DATA SHOWN:
* * *
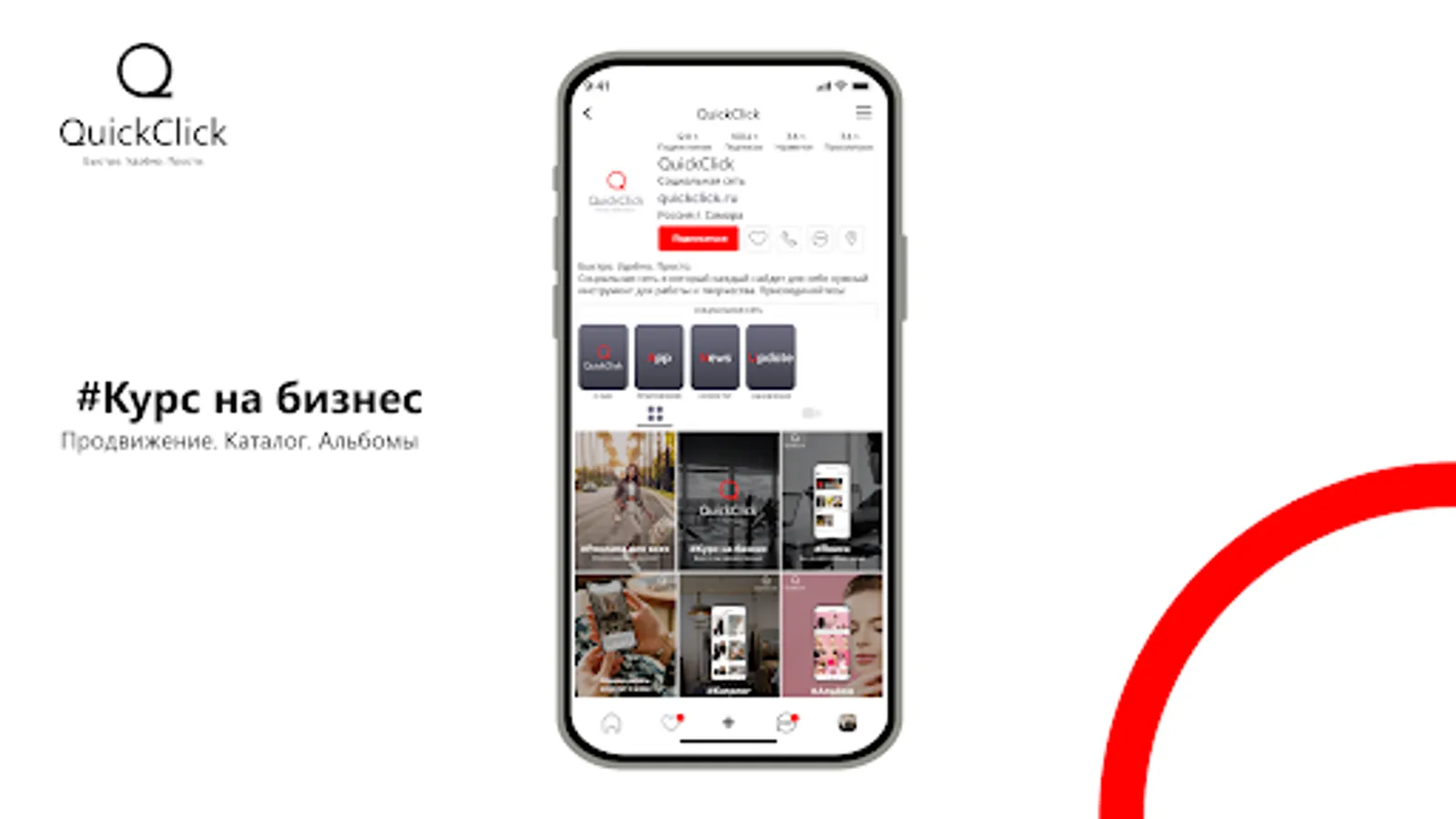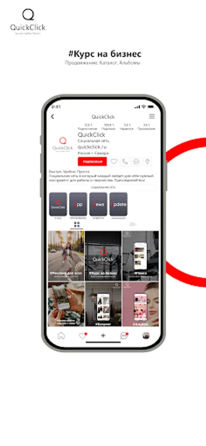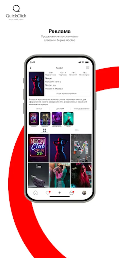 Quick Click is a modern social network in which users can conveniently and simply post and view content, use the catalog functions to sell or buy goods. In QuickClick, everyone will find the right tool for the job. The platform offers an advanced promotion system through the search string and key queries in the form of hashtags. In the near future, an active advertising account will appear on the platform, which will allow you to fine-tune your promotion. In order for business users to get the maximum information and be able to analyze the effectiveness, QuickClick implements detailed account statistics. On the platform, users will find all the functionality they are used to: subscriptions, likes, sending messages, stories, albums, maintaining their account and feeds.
* * *
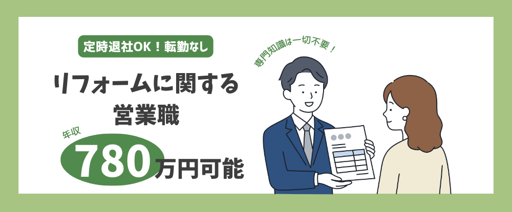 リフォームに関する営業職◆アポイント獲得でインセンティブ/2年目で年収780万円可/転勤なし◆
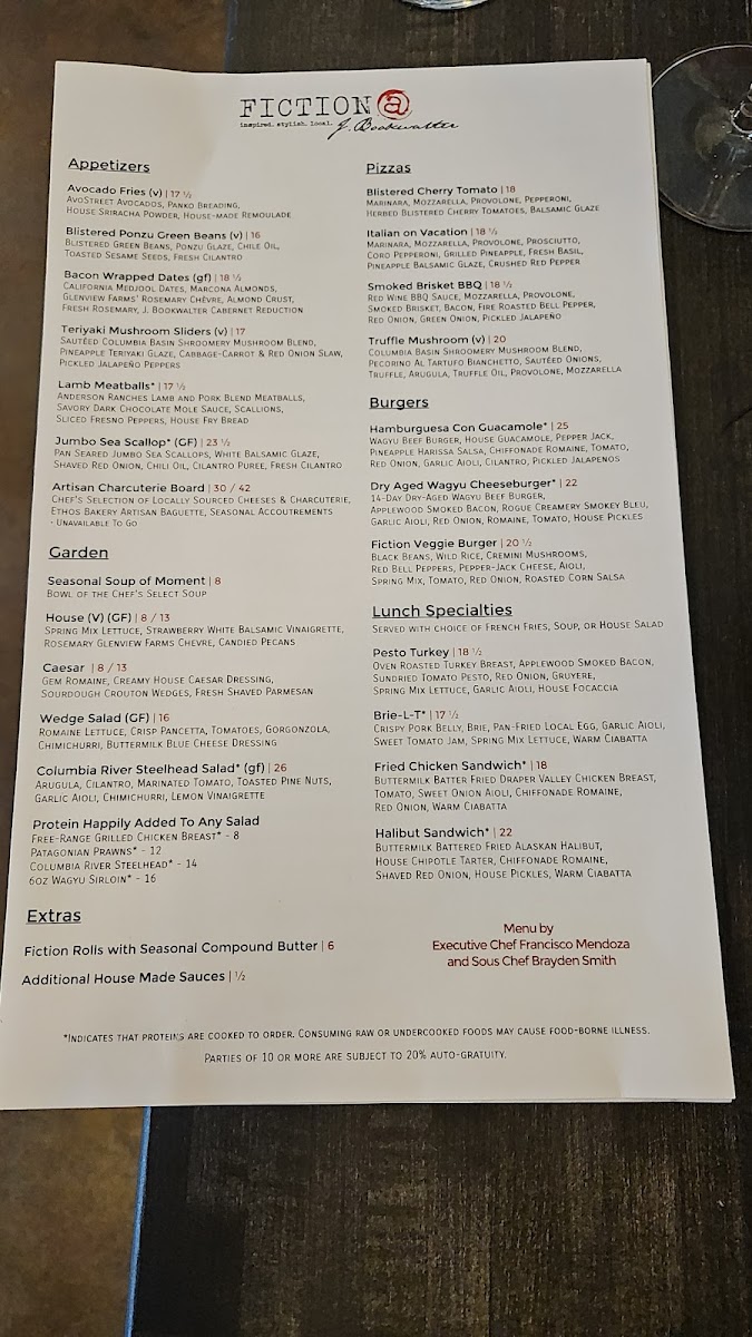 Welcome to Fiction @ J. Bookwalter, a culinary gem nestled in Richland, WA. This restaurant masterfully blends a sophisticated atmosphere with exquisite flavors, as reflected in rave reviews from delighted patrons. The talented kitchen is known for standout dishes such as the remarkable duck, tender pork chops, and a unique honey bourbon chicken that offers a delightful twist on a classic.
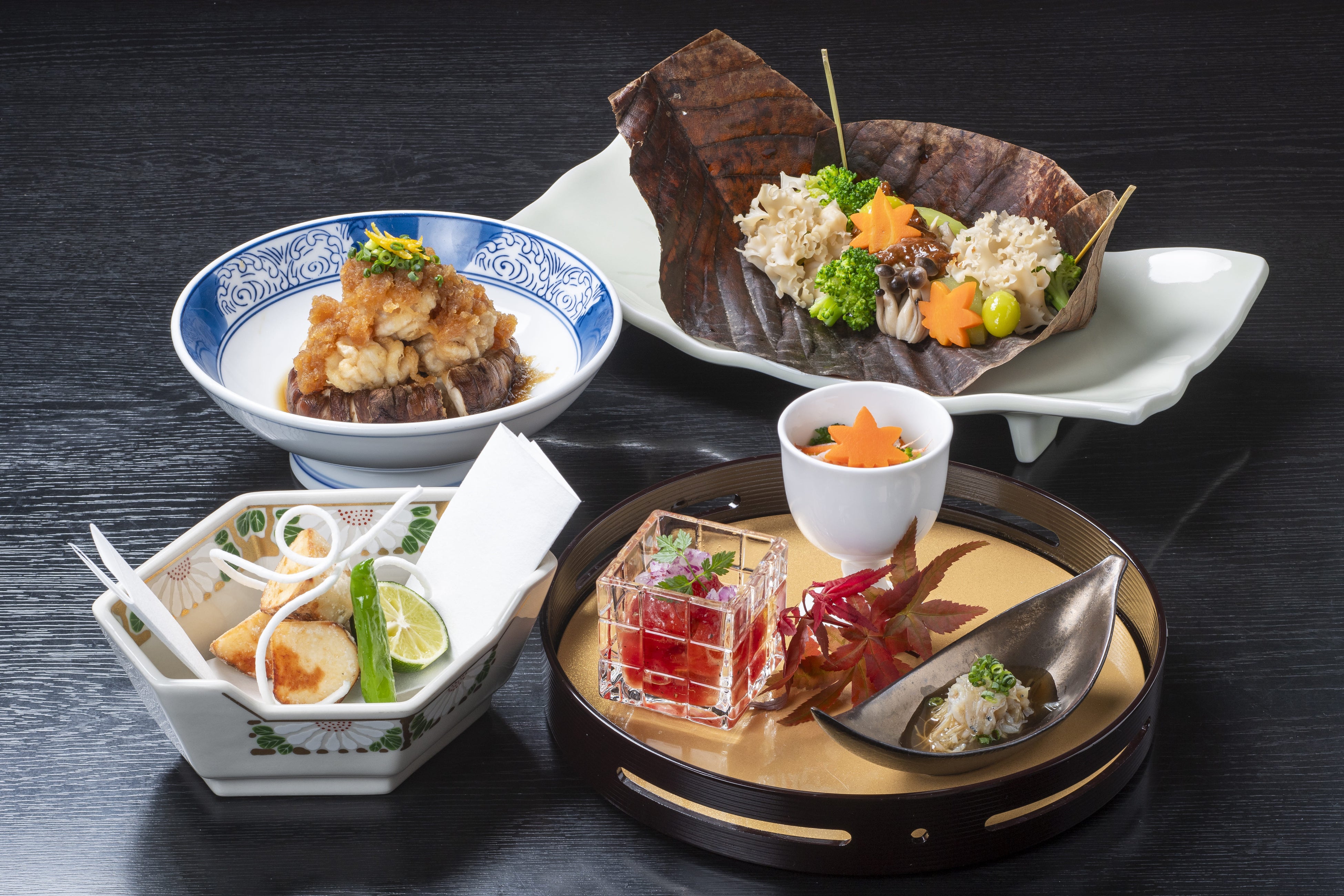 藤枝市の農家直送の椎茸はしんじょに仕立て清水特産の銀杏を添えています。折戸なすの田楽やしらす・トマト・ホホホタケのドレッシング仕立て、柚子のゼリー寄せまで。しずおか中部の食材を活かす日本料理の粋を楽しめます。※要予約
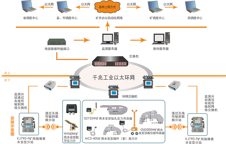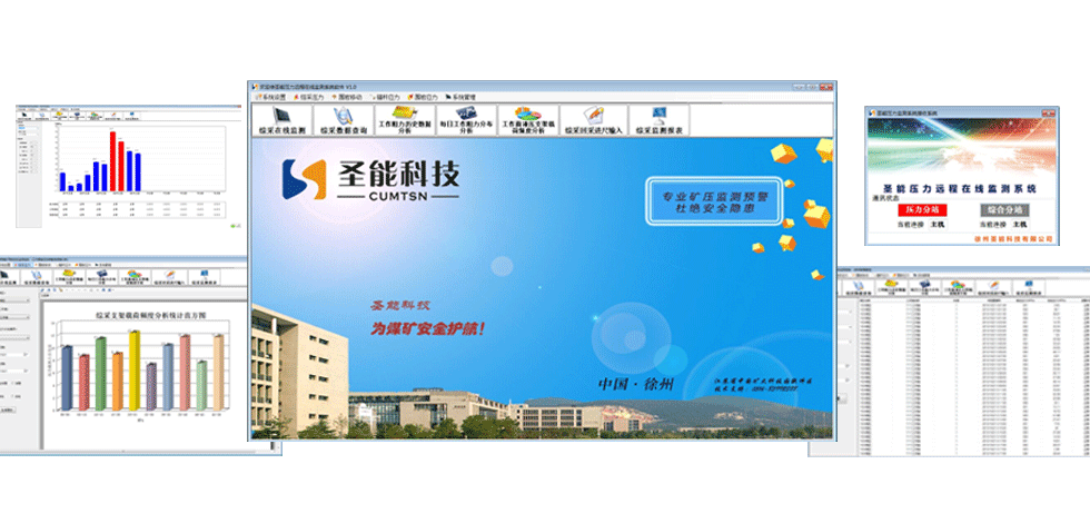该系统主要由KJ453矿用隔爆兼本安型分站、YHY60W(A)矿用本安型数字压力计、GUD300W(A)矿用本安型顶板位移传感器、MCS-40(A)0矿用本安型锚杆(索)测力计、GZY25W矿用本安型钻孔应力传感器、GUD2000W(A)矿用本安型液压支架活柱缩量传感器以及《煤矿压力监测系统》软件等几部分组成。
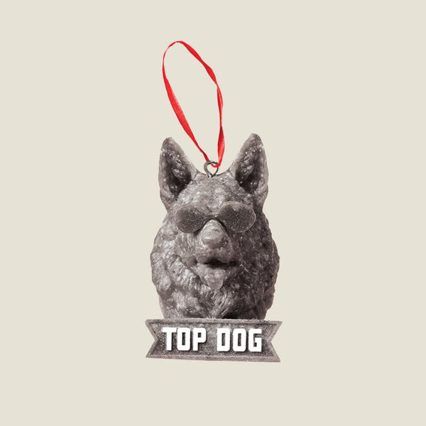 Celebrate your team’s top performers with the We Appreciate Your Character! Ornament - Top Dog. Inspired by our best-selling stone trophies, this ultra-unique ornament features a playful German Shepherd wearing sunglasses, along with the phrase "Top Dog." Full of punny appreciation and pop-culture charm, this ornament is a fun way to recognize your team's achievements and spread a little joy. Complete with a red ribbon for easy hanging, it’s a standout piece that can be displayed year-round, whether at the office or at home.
* * *
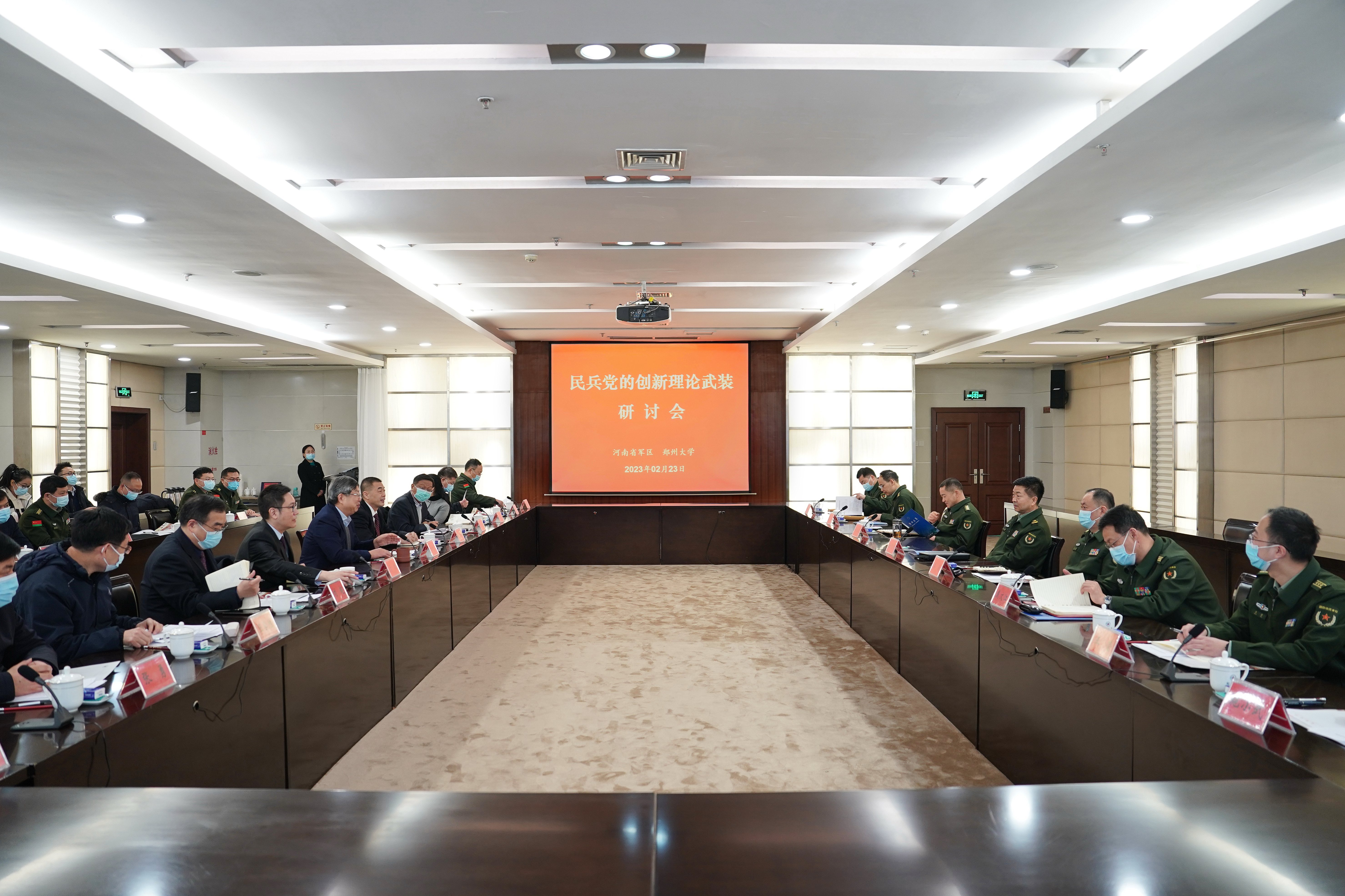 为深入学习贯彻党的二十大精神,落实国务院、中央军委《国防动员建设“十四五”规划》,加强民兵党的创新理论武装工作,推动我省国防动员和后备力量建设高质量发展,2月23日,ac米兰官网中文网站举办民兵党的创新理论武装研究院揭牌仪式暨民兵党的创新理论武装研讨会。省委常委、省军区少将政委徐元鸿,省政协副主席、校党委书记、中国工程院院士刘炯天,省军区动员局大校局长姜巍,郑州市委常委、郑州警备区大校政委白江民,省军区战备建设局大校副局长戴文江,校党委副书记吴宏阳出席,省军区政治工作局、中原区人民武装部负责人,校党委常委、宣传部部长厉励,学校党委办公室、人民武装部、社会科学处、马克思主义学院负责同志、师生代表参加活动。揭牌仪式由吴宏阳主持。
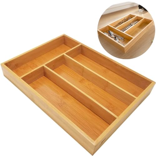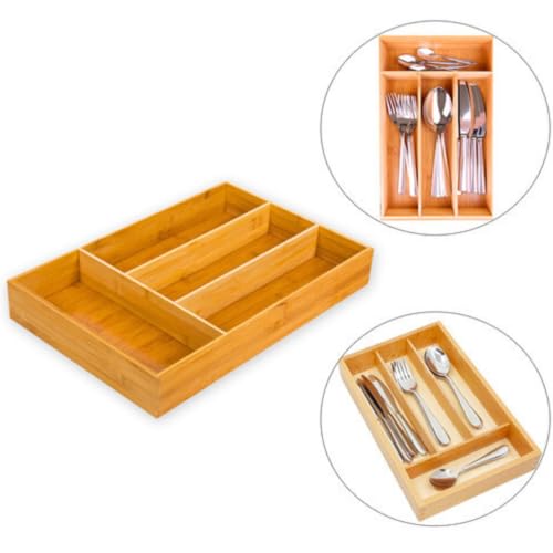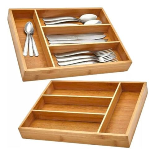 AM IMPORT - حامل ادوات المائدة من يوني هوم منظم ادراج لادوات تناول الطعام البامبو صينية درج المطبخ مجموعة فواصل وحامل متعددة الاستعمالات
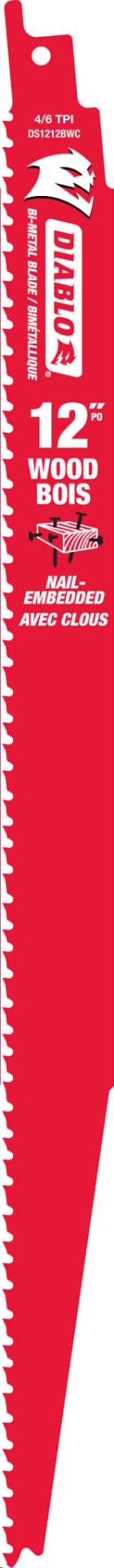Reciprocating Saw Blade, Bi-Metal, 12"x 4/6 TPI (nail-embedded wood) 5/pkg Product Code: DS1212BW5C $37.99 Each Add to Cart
* * *
Of the records above, print only the lines from the one containing "Welcome to Fiction" through the one containing "该系统主要由KJ453矿用隔", inclusive and unaltered, leaving out pictures.

ANSWER FOR THIS EXERCISE:
 Welcome to Fiction @ J. Bookwalter, a culinary gem nestled in Richland, WA. This restaurant masterfully blends a sophisticated atmosphere with exquisite flavors, as reflected in rave reviews from delighted patrons. The talented kitchen is known for standout dishes such as the remarkable duck, tender pork chops, and a unique honey bourbon chicken that offers a delightful twist on a classic.
 藤枝市の農家直送の椎茸はしんじょに仕立て清水特産の銀杏を添えています。折戸なすの田楽やしらす・トマト・ホホホタケのドレッシング仕立て、柚子のゼリー寄せまで。しずおか中部の食材を活かす日本料理の粋を楽しめます。※要予約
该系统主要由KJ453矿用隔爆兼本安型分站、YHY60W(A)矿用本安型数字压力计、GUD300W(A)矿用本安型顶板位移传感器、MCS-40(A)0矿用本安型锚杆(索)测力计、GZY25W矿用本安型钻孔应力传感器、GUD2000W(A)矿用本安型液压支架活柱缩量传感器以及《煤矿压力监测系统》软件等几部分组成。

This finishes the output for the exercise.